Deploy on Any Cloud (AWS, GCP, Azure, Lambda Labs, etc.)
It's super easy to deploy your models on any cloud. You could start from a simple model, on a single machine, and scale it to a cluster of machines.
Create a VM and start the mdz
server
After you have created a VM, you could download the mdz
CLI with PyPI, and start the mdz
server. You could provide the public IP to allow the mdz
server to be accessible from the outside world.
$ pip install mdz
$ mdz server start <public ip>
...
🎉 You could set the environment variable to get started!
export MDZ_URL=http://1.2.3.4.modelz.live
Deploy your model
You could deploy your model by using the mdz deploy
command. We will deploy a stable diffusion web UI as an example.

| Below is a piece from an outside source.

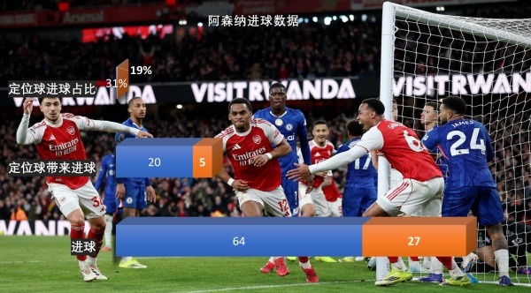 阿森纳的定位球是他们极为重要的得分手段,在英超赛场,阿森纳31%的进球来自定位球进球。欧冠赛场,虽然因为对手的严防死守,让这个比例降低到19%,不过阿森纳的定位球和角球,依旧会让每一个对手惊出一身冷汗。

$ mdz --debug deploy --image modelzai/gradio-stable-diffusion:23.03 --gpu 1 --port 7860 --name sdw
$ mdz list
NAME ENDPOINT STATUS INVOCATIONS REPLICAS
sdw http://sdw-qh2n0y28ybqc36oc.146.235.213.84.modelz.live Ready 174 1/1
http://146.235.213.84.modelz.live/inference/sdw.default
After the deployment is Ready
, you could access the endpoint URL to access the web UI. It is http://sdw-qh2n0y28ybqc36oc.146.235.213.84.modelz.live
in this example.
Scale your deployment
You could add more servers to support more traffic. First, you need to create a new VM on your cloud provider. Then, you could start the mdz
server on the new VM and join it to the existing cluster.
$ mdz server join <ip>
$ mdz server list
NAME PHASE ALLOCATABLE CAPACITY
node1 Ready cpu: 16 cpu: 16
mem: 32784748Ki mem: 32784748Ki
node2 Ready cpu: 16 cpu: 16
mem: 32784748Ki mem: 32784748Ki
The IP address is the internal IP address of the previous VM. After the new VM is joined to the cluster, you could scale your deployment by using the mdz scale
command.
$ mdz scale sdw --replicas 2
The requests will be load balanced between the replicas of your deployment. You already get a cluster of two machines to serve your model!